As autoridades eclesiásticas não podem esquecer que os
tempos são outros e que as pessoas não aceitam mais arbitrariedades e atitudes
caprichosas como esta. As pessoas que legitimamente participaram da legítima
reeleição da irmã estão não só indignadas, mas também revoltadas, pois sabem
perfeitamente que a atitude da autoridade eclesiástica foi arbitrária,
desrespeitosa e antievangélica.

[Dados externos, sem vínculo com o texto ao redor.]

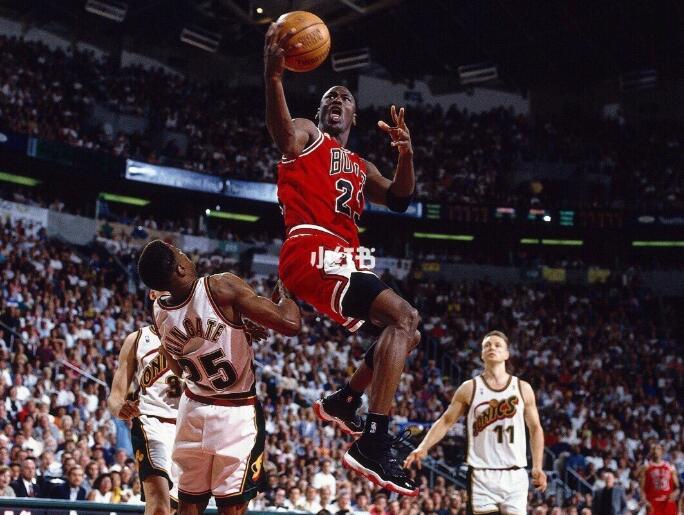 1998年6月14日,总决赛6场比赛的最后时刻,又是芝加哥公牛对犹他爵士。乔丹设法从马龙手中抢到球,在甩开防守他的卡斯尔后,他投进了制胜一球。球命中后,芝加哥公牛队第二次、八年内第六次获得三连冠。

Um ato como este tem um terrível poder
destruidor e, sem dúvida alguma, vai contribuir para que muita gente se afaste
indignada de uma Igreja incapaz de dar provas reais de amor cristão.
Portanto, não nos deve surpreender se nos últimos vinte anos
a percentagem de católicos caiu de 83,34% para 67,84 %. Dizem que os bispos
católicos do Brasil, reunidos recentemente em Aparecida, ficaram assustados com
esses dados. Creio, porém, que deveriam se assustar com o que alguns deles e
seus padres andam fazendo, de forma a levar os fiéis a se distanciarem de suas
comunidades.
José Lisboa Moreira de Oliveira.
Filósofo. Doutor em teologia. Ex-assessor do Setor Vocações
e Ministérios/CNBB. Ex-Presidente do Inst. de Past. Vocacional. É gestor e
professor do Centro de Reflexão sobre Ética e Antropologia da Religião (CREAR)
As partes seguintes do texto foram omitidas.